Automation has key role in future of securities lending

Automation has key role in future of securities lending

Don D’Eramo, global head of securities lending, RBC Investor and Treasury Services, tells Global Investor how the firm’s investment in technology enhancements and automation is paying dividends

How has the recent market volatility affected what your clients expect of you?

When you have a clear picture concerning the goal of your client’s programme, periods of high volatility shouldn’t make a big difference. However, discussions with both portfolio managers and clients around directional trades and shorts have increased in frequency and depth. During those conversations, the question of restricting positions for example, or otherwise responding to a particular trading environment has arisen. Readily available market information on warms and specials has aided the dialogue with beneficial owners, as well as going a long way with portfolio managers in particular. Conversations are an ongoing part of our daily contact with our clients: fluctuations in market volatility, or the changes occasioned by specific financial events should not generally signal a shift in the wider objectives of a securities lending programme. In terms of the impact of structural shifts, it is worth looking forward to the question of the direction of interest rates. Currently a number of securities lending operations are strictly non-cash, meaning that interest rate fluctuations and the implications for re-investment do not exist. However we are starting to see an increase in interest for USD cash reinvestment from a subset of clients with the right lendable assets which we are exploring.

Why have you placed so much emphasis on your technology platform in recent years and what impact is this having?

Today, roughly 75% of our connectivity with our counterparts – be that around targeted availability or client orders of interest – is automated. Increasing the proportion of our book that is automated has had a marked increase on rates of flow. More pertinently, we provide daily pricing, on either side of the trade which expedites the decision process on whether or not to execute which is highly valued by our clients as it’s not an industry norm. It is also important to our lenders too. Today, beneficial owners are looking increasingly to agent lenders to act as price-makers rather than price-takers. They expect us to shape the information that is available with their internal pricing mechanisms so that they can go out to the market with a price, rather than reactively bid up the price that a broker has offered. This sort of price generation is only accurate if you have the information at your fingertips and you have the means to make sense of it. We are now delivering better transparency and more granular metrics with our lending clients achieved through automated technology. The knock-on effect is a deeper conversation about their wider financing business – be that fixed income versus equity or high quality liquid assets (HQLA). In general, our conversations are more valuable as the opportunities are no longer limited to shorts. Our transactional approach allows them to see a wider range of opportunities inherent in the custody assets that are not currently in use. The increased data has also led to greater engagement with non-lending custody clients including those who originally felt opportunities were too limited for them to justify a program.

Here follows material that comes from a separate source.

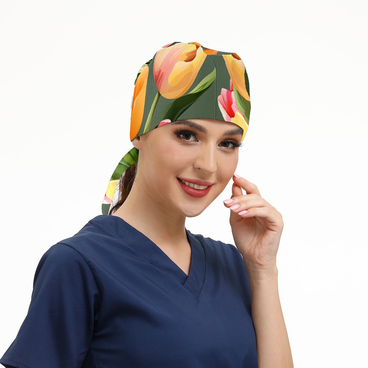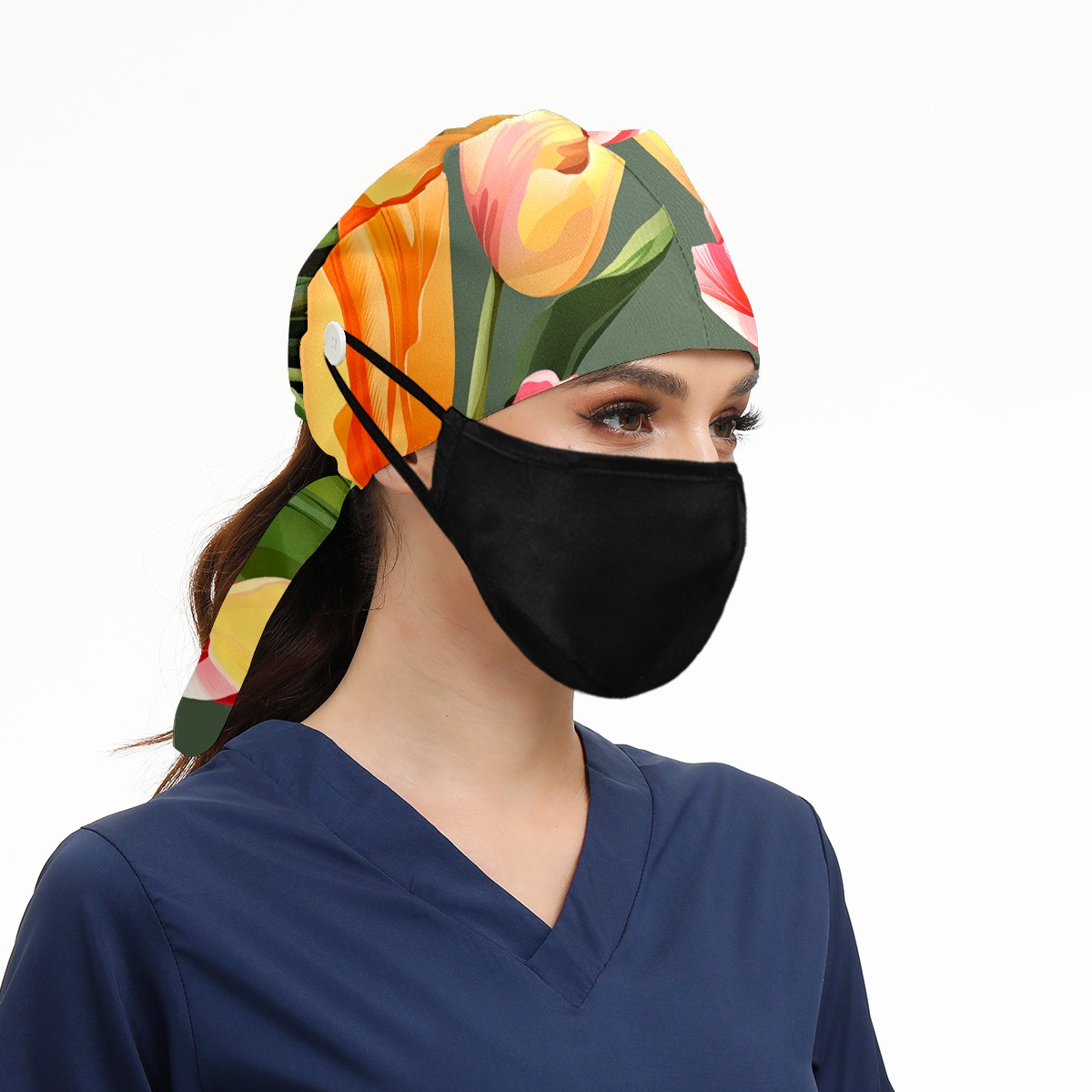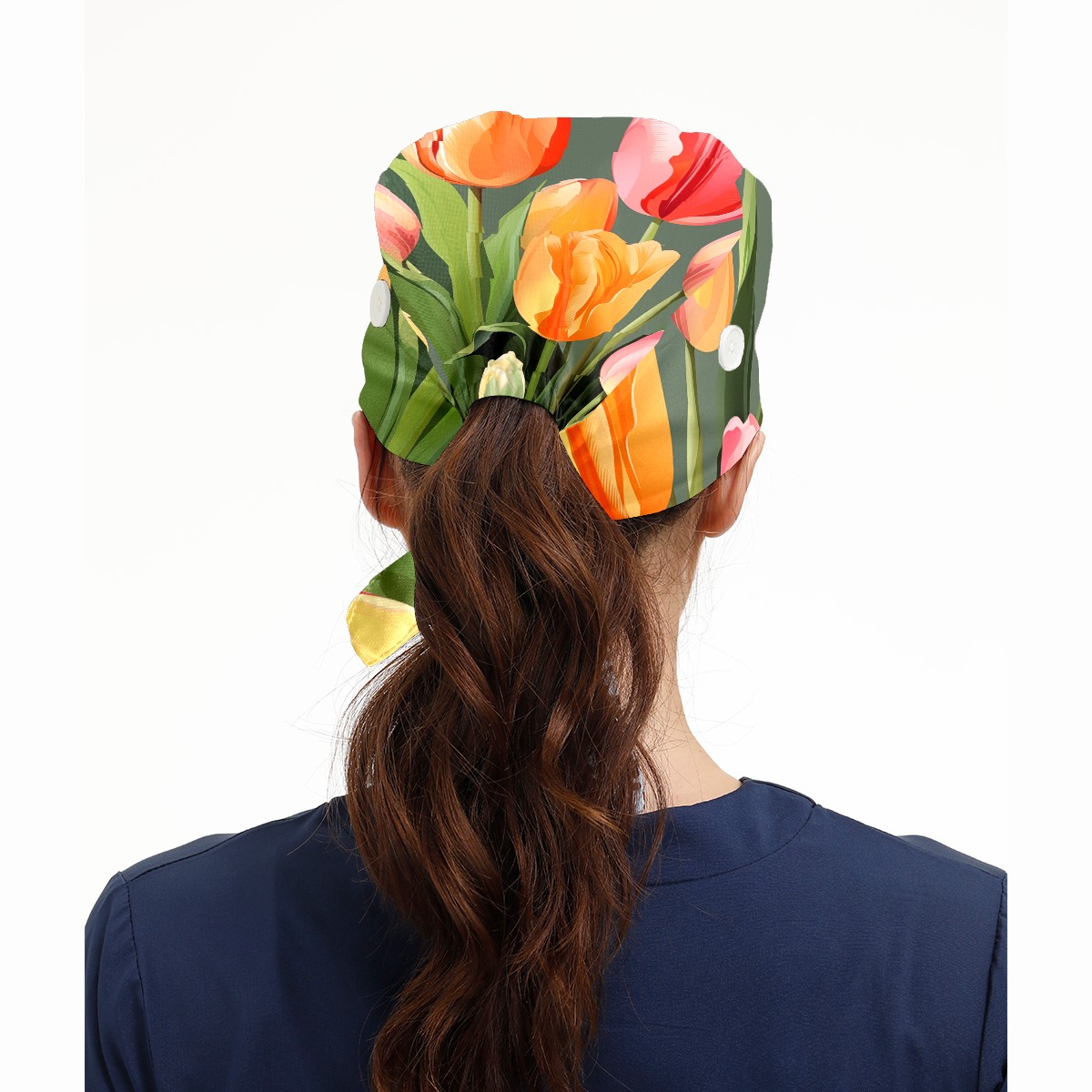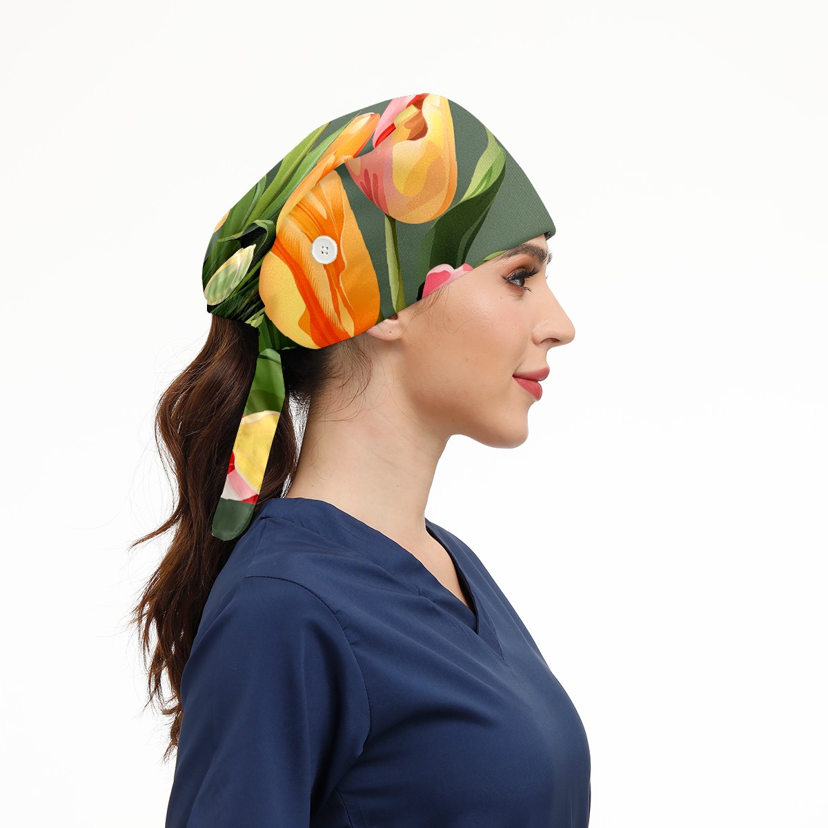 Working Caps with Button&Sweatband Satin Lined Cotton Adjustable Nurse Hats Elastic Band Scrub Cap Surgeon Hat Tulip Petal C

What does automation mean in terms of what you can provide lending clients?

Automation means a timelier delivery of and more meaningful information about what clients have available. Having this depth of information inevitably means we can achieve a tighter focus on structuring opportunities on either side of the trade. Advancements in our technology led to an increase in proactivity as the trading desk has an improved grasp of our lender’s available assets which in turn has created faster turnarounds leading to increasing opportunities for borrowers, and ultimately more business. The result of this stress on automation is that we are seeing a growth in our market share, in part facilitated by our flexibility to offer the facility to transact on both an agent and a principal basis. It is clear from the results of client surveys, such as those produced by GI/ ISF, that this type of access is increasingly valuable to clients. This trend is evident across the opportunity set – be that term trades, evergreens, HQLA Level 1 vs equities (it was particularly evident in specials trades) – and across regions – be that North America, Europe or Asia Pacific. We have found that we can turn around opportunities quicker by combining that deeper information set and the access to the desk. This is important at a time when clients are looking to widen their opportunity sets.

Can you give an example of how automation generates opportunities that might previously have been missed?

Speed of response is the obvious example. This drive to greater automation has meant that today we are typically able to turn around any opportunity – from term to evergreen, from 2-1-2 to bullet-term trade – within days. We’re getting that speed of response in part from the groundwork because we understand the universe of the client’s lendable inventory. We know immediately if the profile of that inventory is conducive to the incoming opportunity. A bi-product is in the warm space, where there are additional benefits in terms of the ability to develop new approaches or ideas to access supply. The benefits of responsiveness extend to borrowers too. Then there is the experience we bring to bear from elsewhere in RBC. Here, we have developed short-form agreements, which allow us to mine the non-lending custody assets within the bank. By tapping into the ‘data lake’ that has been created through our on-going technology initiatives, we have been able to scour the global custody platforms almost instantaneously to identify high value opportunities. This means that when an opportunity arises from a special situation or corporate event, we can speak to clients and potentially release ‘unlendable’ inventory into the market relatively quickly. For a non-lending client we recently turned around one such opportunity in a week – from identifying the opportunity, the client, structuring the loan and placing it. Again, the foundation for all this is the automation we have achieved with our day-to-day flows. Meanwhile, we continue to work on contact with our lenders to educate them as much as possible about what opportunities are out there.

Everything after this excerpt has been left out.